Source data:

════════════════

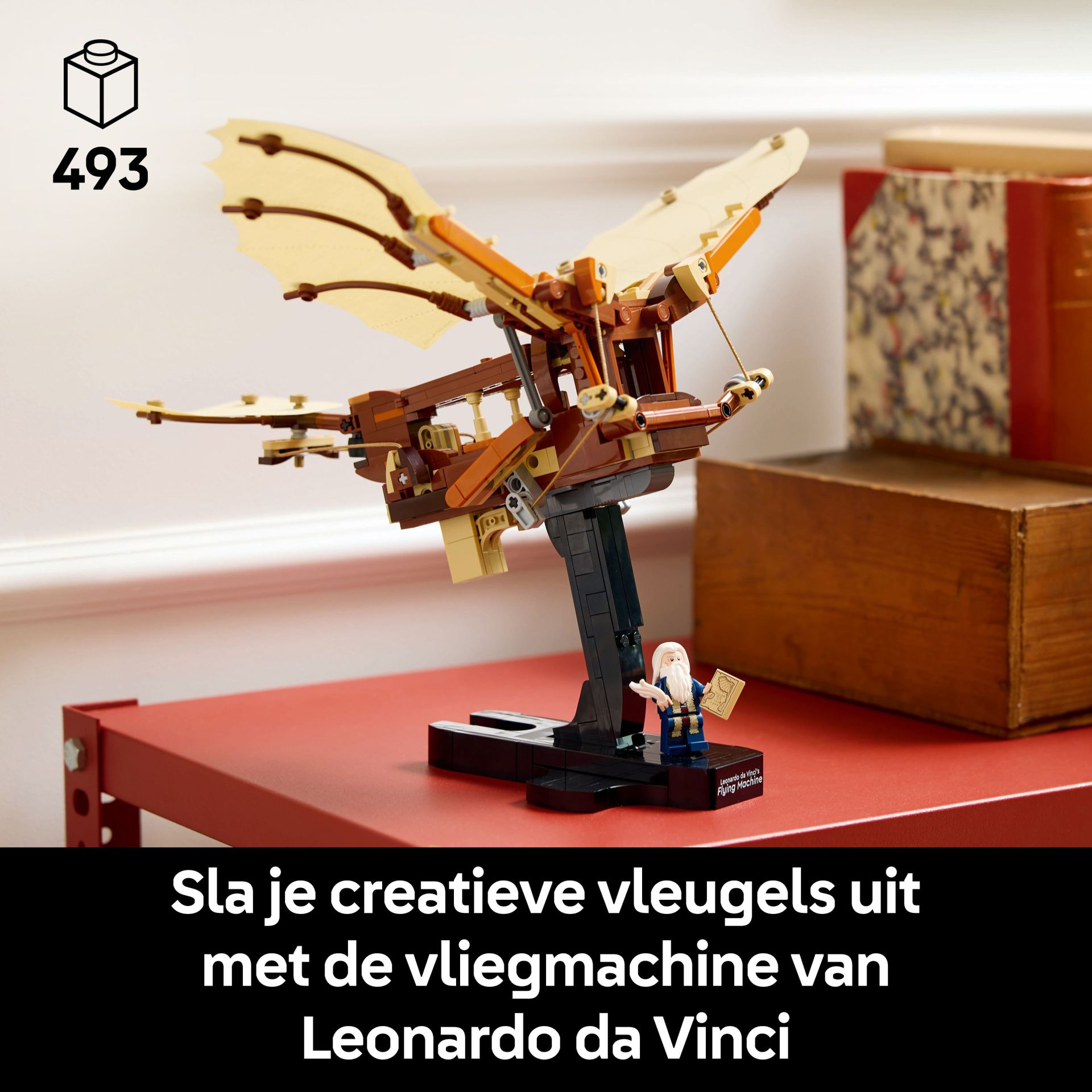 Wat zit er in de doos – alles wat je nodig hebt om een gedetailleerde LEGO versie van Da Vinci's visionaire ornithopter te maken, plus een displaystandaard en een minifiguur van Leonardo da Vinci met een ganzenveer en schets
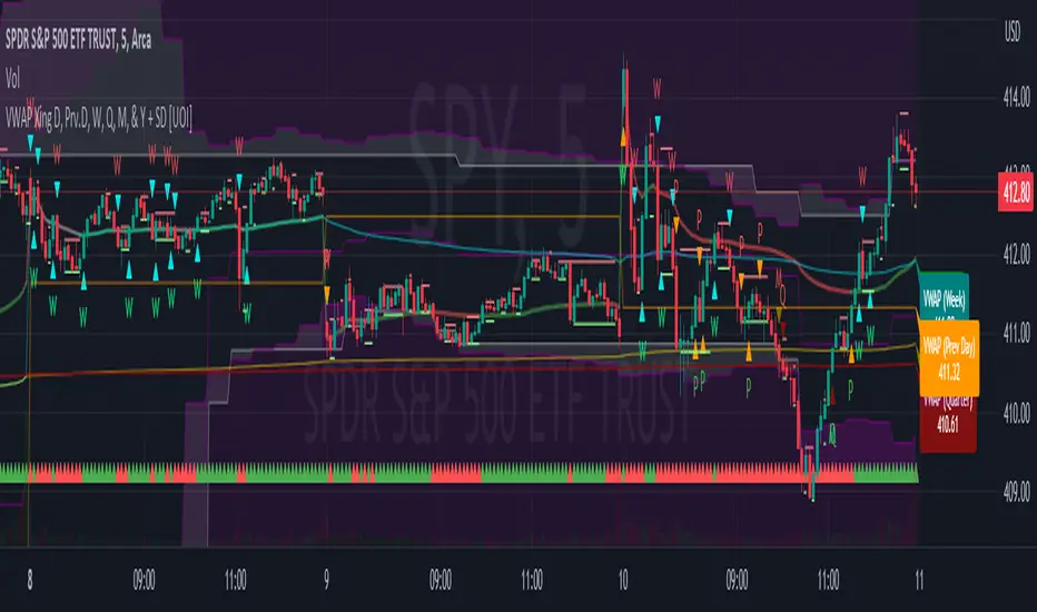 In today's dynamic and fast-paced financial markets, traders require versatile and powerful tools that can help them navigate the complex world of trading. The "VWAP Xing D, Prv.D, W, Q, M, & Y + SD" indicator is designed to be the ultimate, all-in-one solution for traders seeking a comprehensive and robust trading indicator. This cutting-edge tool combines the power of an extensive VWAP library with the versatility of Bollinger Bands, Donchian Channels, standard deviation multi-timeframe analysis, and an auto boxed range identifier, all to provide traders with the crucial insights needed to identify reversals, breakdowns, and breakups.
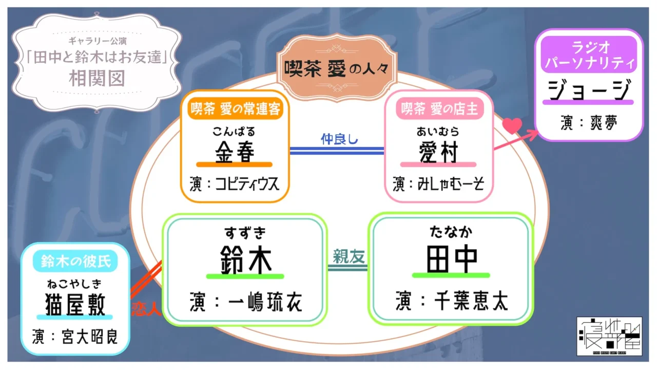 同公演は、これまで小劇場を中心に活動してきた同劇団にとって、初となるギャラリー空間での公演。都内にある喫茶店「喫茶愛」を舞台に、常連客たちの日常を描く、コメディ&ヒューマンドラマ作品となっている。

════════════════

Print every line of the listing exactly, please, and leave the images out.

Your solution:
 Wat zit er in de doos – alles wat je nodig hebt om een gedetailleerde LEGO versie van Da Vinci's visionaire ornithopter te maken, plus een displaystandaard en een minifiguur van Leonardo da Vinci met een ganzenveer en schets
 In today's dynamic and fast-paced financial markets, traders require versatile and powerful tools that can help them navigate the complex world of trading. The "VWAP Xing D, Prv.D, W, Q, M, & Y + SD" indicator is designed to be the ultimate, all-in-one solution for traders seeking a comprehensive and robust trading indicator. This cutting-edge tool combines the power of an extensive VWAP library with the versatility of Bollinger Bands, Donchian Channels, standard deviation multi-timeframe analysis, and an auto boxed range identifier, all to provide traders with the crucial insights needed to identify reversals, breakdowns, and breakups.
 同公演は、これまで小劇場を中心に活動してきた同劇団にとって、初となるギャラリー空間での公演。都内にある喫茶店「喫茶愛」を舞台に、常連客たちの日常を描く、コメディ&ヒューマンドラマ作品となっている。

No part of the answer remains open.